Remember I am just talking about the need (or not) of TEXTURE. If they want a level 5 finish, then of course you need to skim it. No question that will be a better job. Of course even that will get a primer coat to even out the absorption.

What I don't like is those who are expecting a level 5 but only want to pay for a level 3 or 4.


----------



## coppa23 (Jan 20, 2007)

Hometown said:


> A homeowner called me to look at the smooth ceilings on a home I built this year. Many of the drywall joints are showing especially in the evenings when the light hits it just right. What has caused this and how do I fix it? Thanks for your help.


 

they should pre fill joints before they do tape!!!:thumbsup:

have fun now, you have to remove all tape and re done proper way !!:w00t:


----------



## bwalley (Jan 7, 2009)

Capt-Sheetrock said:


> You think that maybe the quality has slipped because of a lack of talented drywallers???
> 
> I think it has slipped cause too many GC's have been watching "lets flip this house and get a perfect job done at half the price and in half the time" shows on tv.
> 
> ...


I am a high end remodeling contractor, not a spec home builder, I pay pretty good rates meaning High prices, yet many finishers or guys who claim to be finishers don't know what they are doing and it has nothing to do with how much I pay them or much time I give them.

They buy a set of Ames tools and think they are a finisher or dig there floor scraper looking tools out of there trunk once in awhile and they are a finisher, the guys I like the best are the ones who spend all their time telling me how great they are, now I tell em' to shut up and show me how good they are.

If I have a 600 board job, commercial, level 4 finish with a light knockdown, how much time do you think a 4 man crew should take?

I had them in there for 9 weeks (Hanging and finishing) and another week shooting the texture with a hand hopper, I told them when I hired them to use a truck mounted spray rig and not to use a hand sprayer, yet the job was terrible and they couldn't blame it on bad framers because they were the framers.

They didn't even fire tape it properly and thought it was Ok for gaps to be around the bar joists, I had to go around and fire caulk and fire tape it properly and these guys are supposed to be professionals, maybe I should start hiring mexicans instead of white guys.
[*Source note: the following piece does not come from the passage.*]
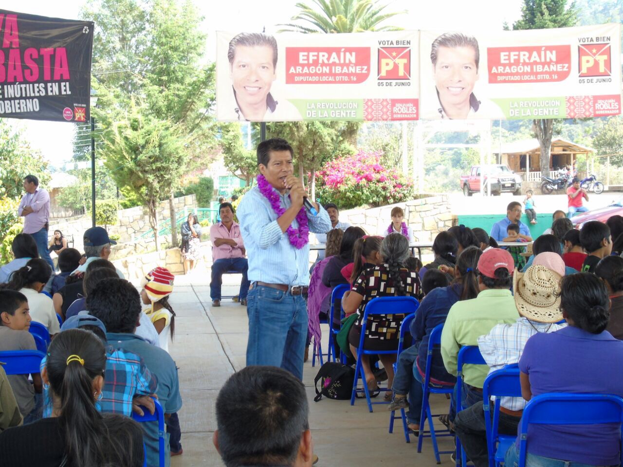 Efraín Aragón, ambientalista por más de veinte años, fue arropado por el comisariado de bienes comunales de ésta comunidad zapoteca, para anunciar el inicio de una nueva etapa en la conciencia de quienes se han cansado de los malos gobiernos y la compra de voluntades en una región azotada por la miseria y el atraso social.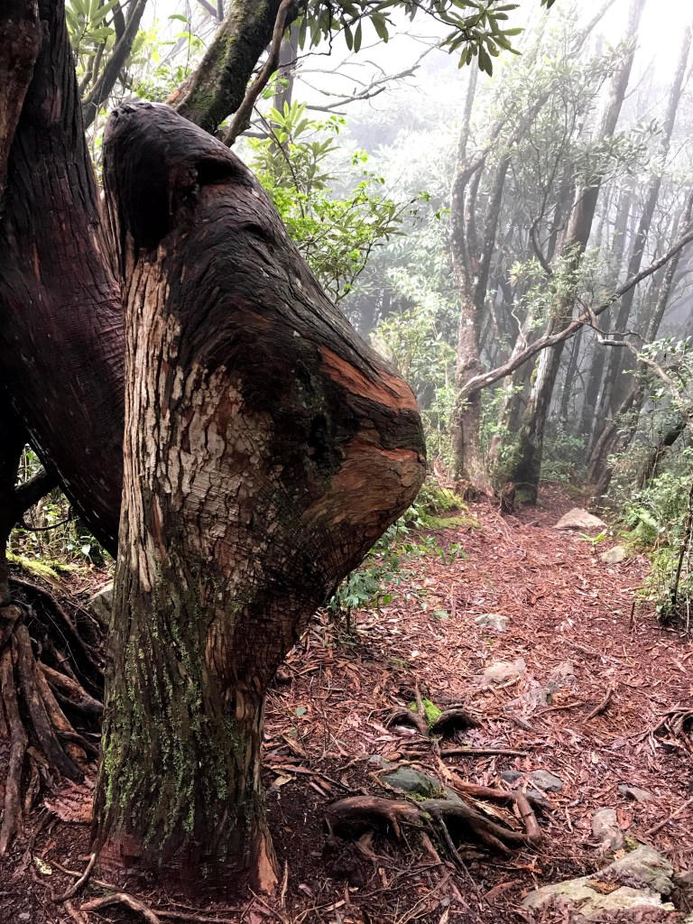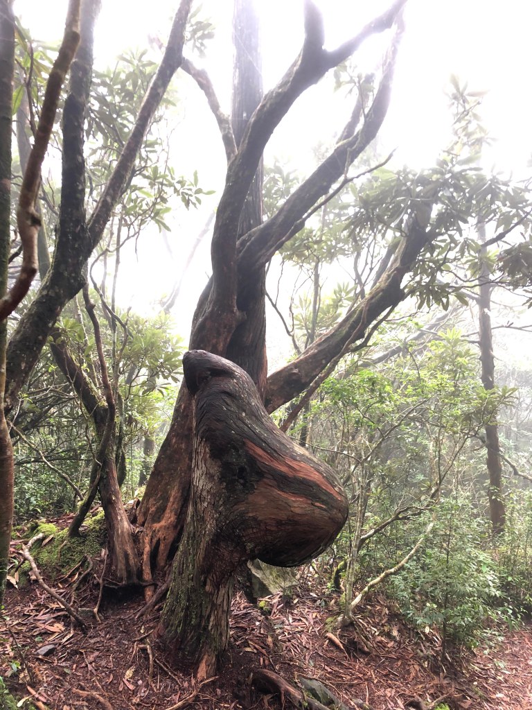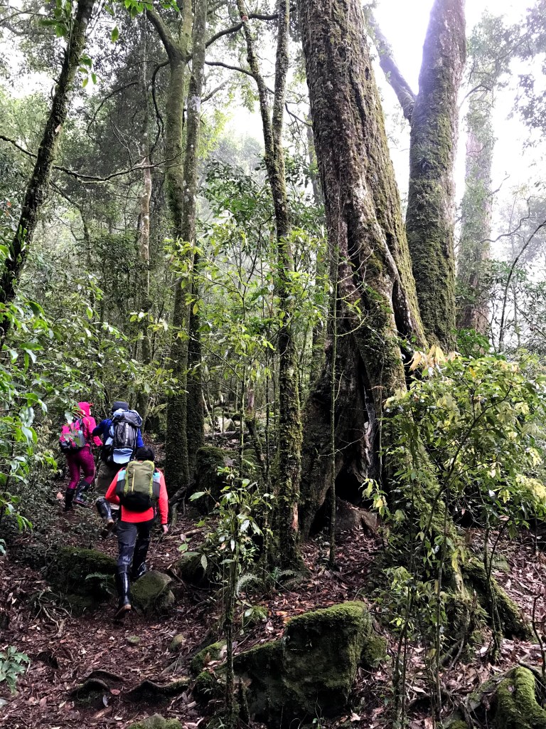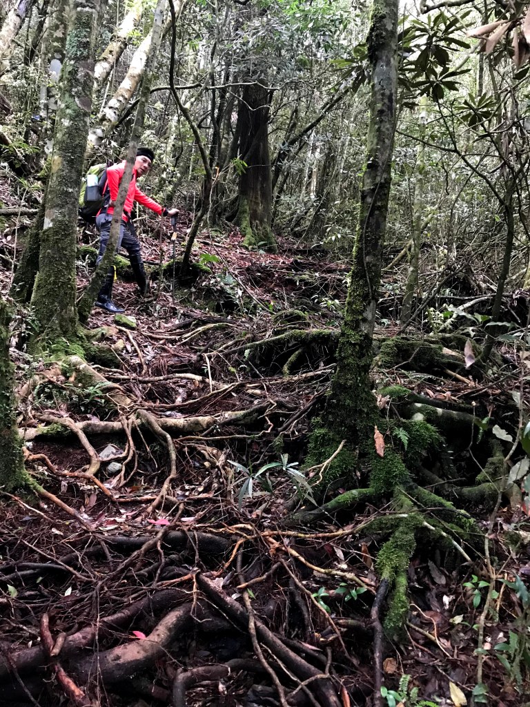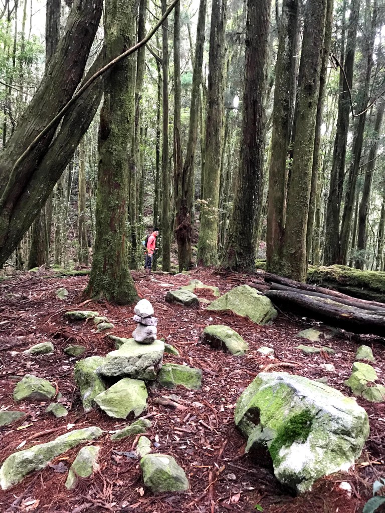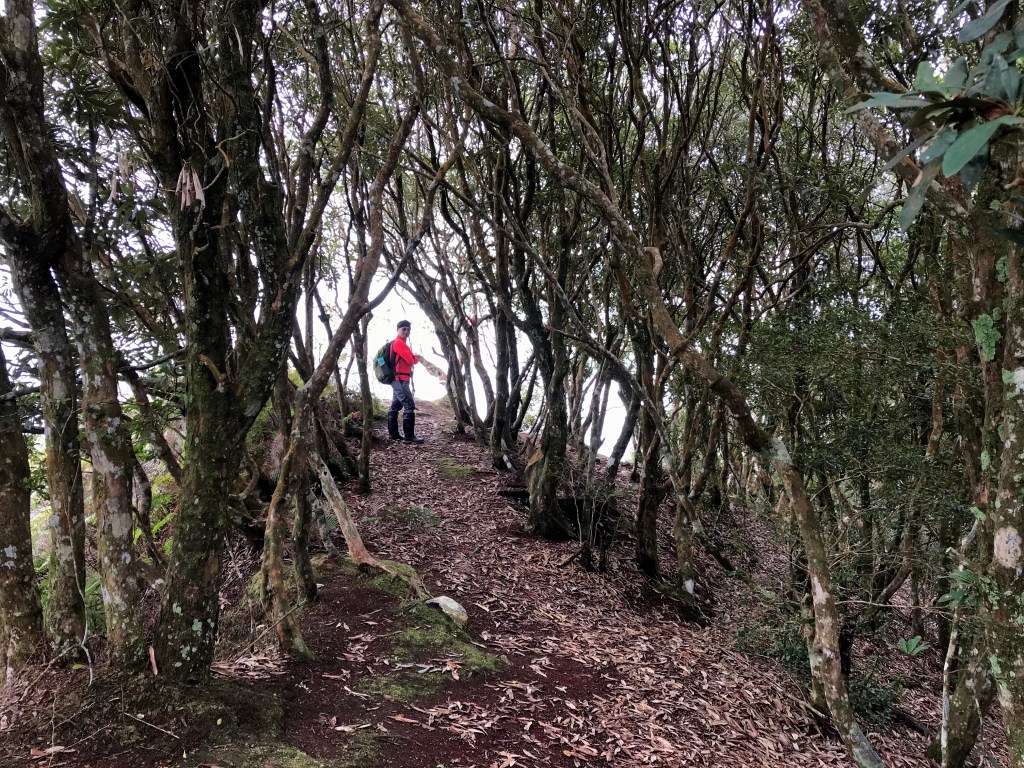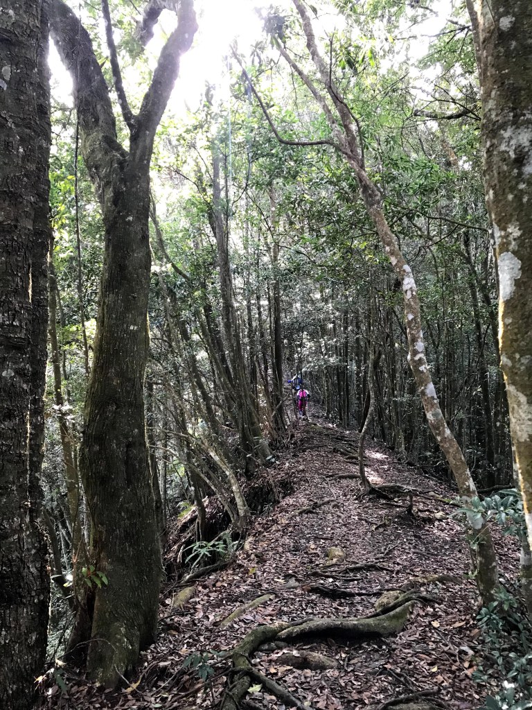 休息後,繼續走一小段,會到達三岔路口(H2010m),往左走100m即到達橫嶺山(H2024m),在此休息,遇到一些山友,閒聊了蠻久,有些山友知道我們要繼續往白冷山,也詢問我們路況是否好走?其實,我們都沒有走過,而這一週,前幾天都在下大雨,且冷鋒也還沒結束,我猜,應該路況會有點濕滑吧!而且在橫嶺山休息時,也覺得溫度不到10度C,有點寒冷!

Now I hire my own people to do it, and if they can't handle it or start crying, I send them home.


----------



## BattleRidge (Feb 9, 2008)

Wow this has become quite the pissing match. I know lots of framers that dont crown their studs, if you get 2 bad ones you can see that easy peasy later on. V-ing and Prefilling the joints should be common place. Like someone said earlier maybe its humps, how bad is it, we don't know, If the tape isn't showing and there isn't a line from the joint, considering this probably isnt a millino daollar home or this wouldnt be a problem, I would say prime it, then hit it with a swirl texture then a satin paint. I bet its a gloss now, so the satin would make a good difference. That would take like 4 hours of labor maybe, just some dry time.


----------



## Classic Drywall (Jan 8, 2006)

Wow..the drywall trade gets a few hacks in it, and ALL finishers are hacks. I'm not going to dwell on it but that is BS. One problem we have here in Michigan is with GM layoffs and what not lots of them are entering the drywall field for the fact of there is no licensing requirements, and it looks so easy on TV. But to sit here and say that ALL finishers are hacks these days is a joke. 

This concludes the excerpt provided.